◆ Task item
Take the line that holds "为深化全国健康学校建设,推进" and every line after it to the end of the entries, and repeat them exactly without the pictures.

(Stored items)
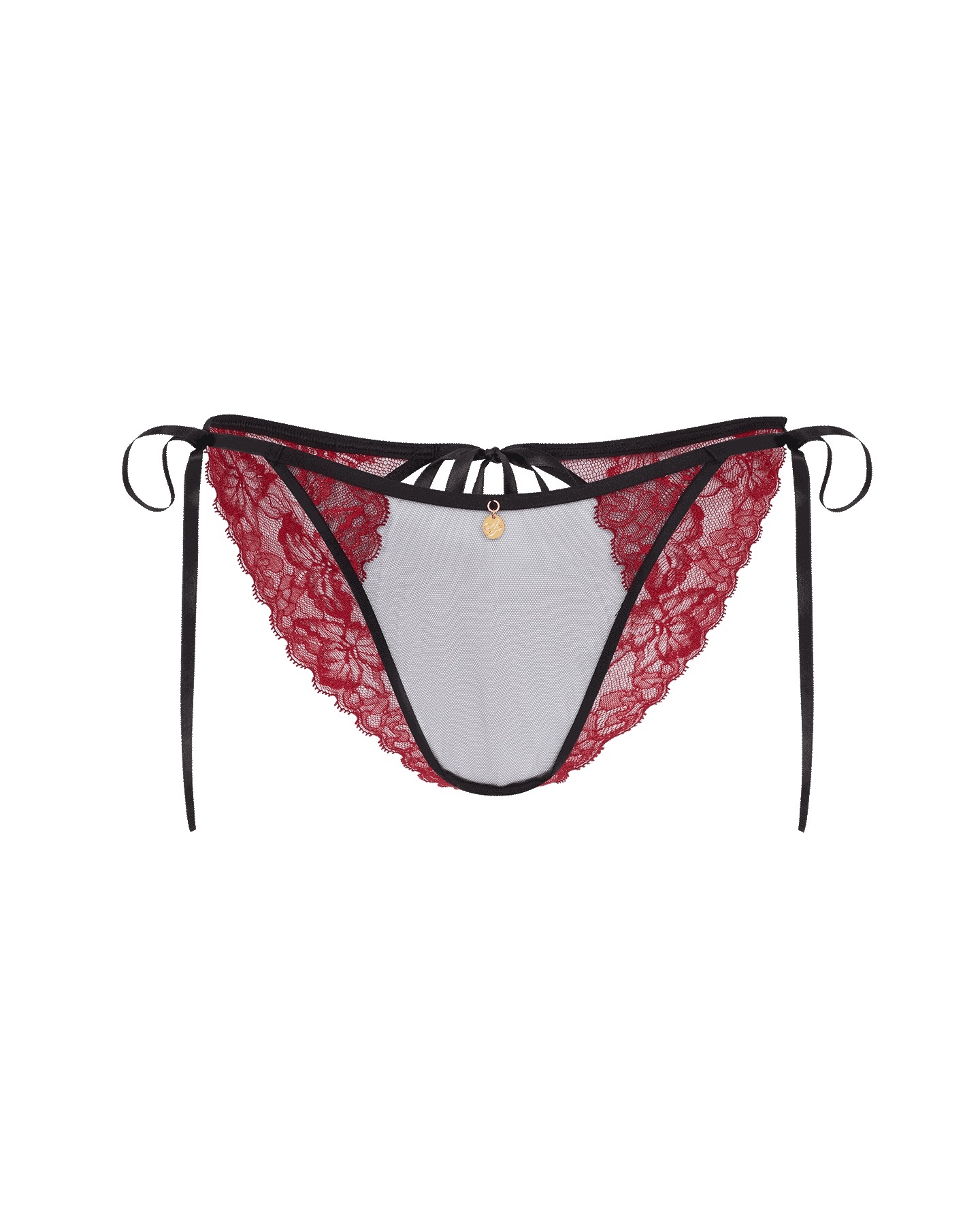Черно-красные трусы Otta завязываются по бокам на ленты. Модель отличает открытая задняя часть и полупрозрачная передняя панель. Комбинируйте с боди и накладками Agent Provocateur или остановитесь на радикальном минимализме.
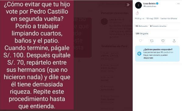 “¿Cómo evitar que tu hijo vote por Pedro Castillo en segunda vuelta? Ponlo a trabajar limpiando cuartos, baños y el patio. Cuando termine, págale S/.100. Después quítale S/.70, repártelo entre sus hermanos (que no hicieron nada), y dile que él tiene demasiada riqueza. Repite este procedimiento hasta que entienda”.
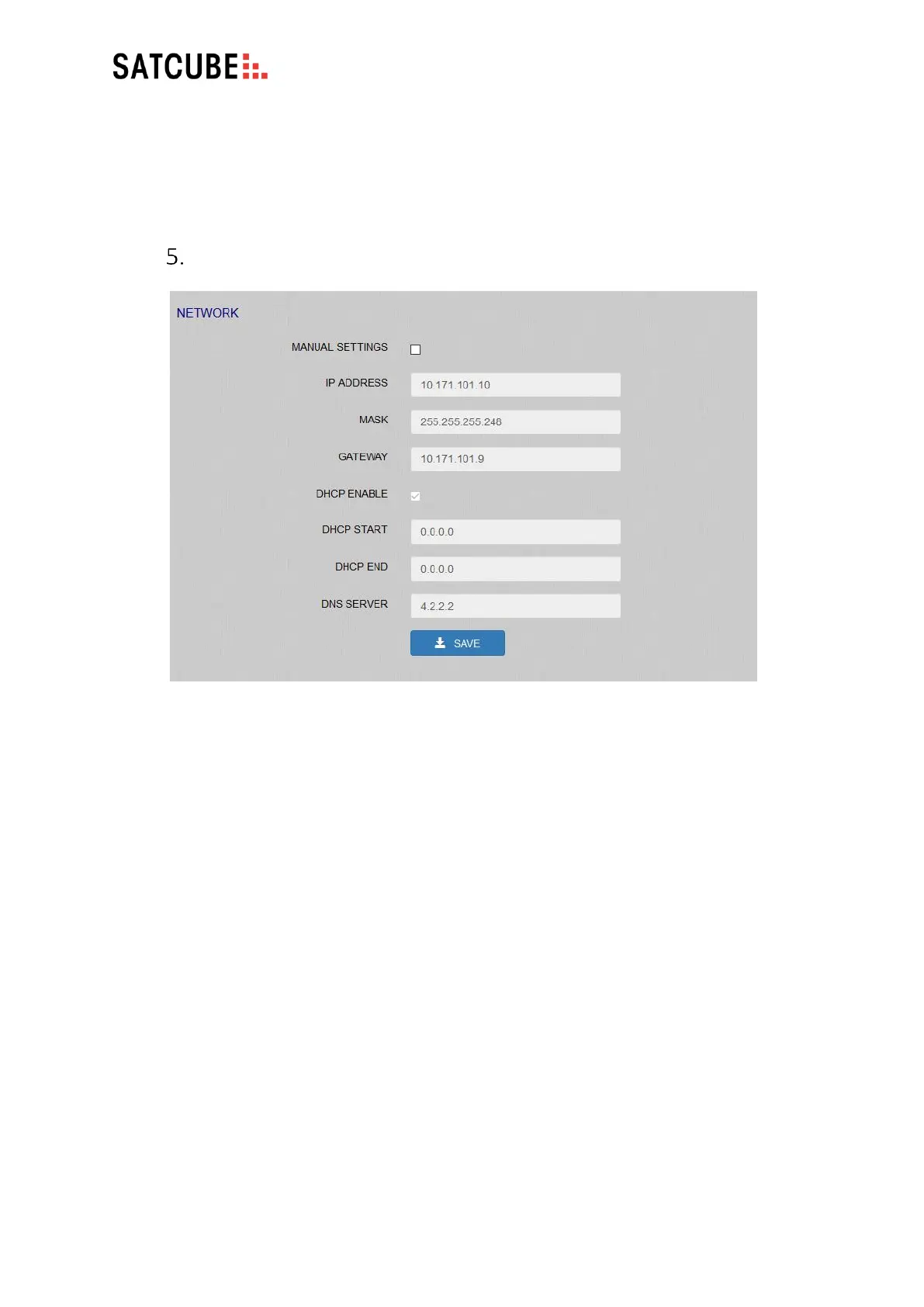 • MASK: Netmask assigned to the Satcube terminal.
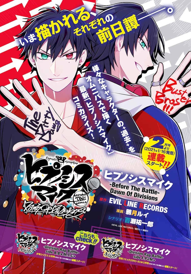 「ヒプノシスマイク -Division Rap Battle-」の新たなコミカライズシリーズ「ヒプノシスマイク -Before The Battle- Dawn Of Divisions」が少年マガジンエッジ(講談社)にて始動。本日12月17日発売の同誌2021年1月号にプロローグが掲載された。
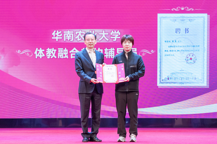 为深化全国健康学校建设,推进立德树人机制综合改革,12月22日,“国球燃青春·冠军进校园”主题活动在华南农业大学举办。中国女子乒乓球运动员、世界冠军蒯曼走进华农校园,与师生分享成长故事、切磋球技、亲切互动,并受聘为华农体教融合特约辅导员、乒乓球队名誉教练。
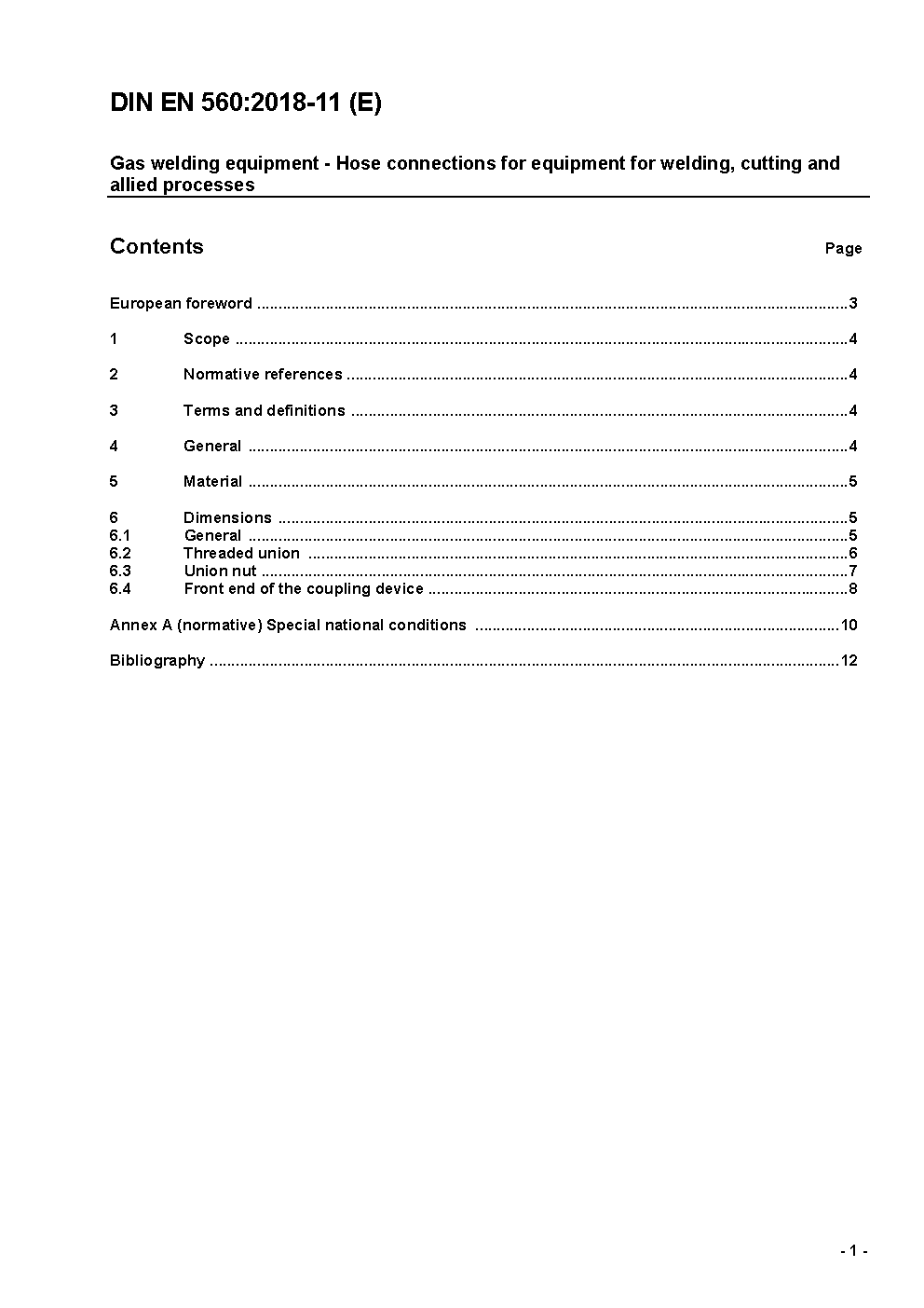 Gas welding equipment - Hose connections for equipment for welding, cutting and allied processes; German and English version prEN 560:2017

◆ Output below
 为深化全国健康学校建设,推进立德树人机制综合改革,12月22日,“国球燃青春·冠军进校园”主题活动在华南农业大学举办。中国女子乒乓球运动员、世界冠军蒯曼走进华农校园,与师生分享成长故事、切磋球技、亲切互动,并受聘为华农体教融合特约辅导员、乒乓球队名誉教练。
 Gas welding equipment - Hose connections for equipment for welding, cutting and allied processes; German and English version prEN 560:2017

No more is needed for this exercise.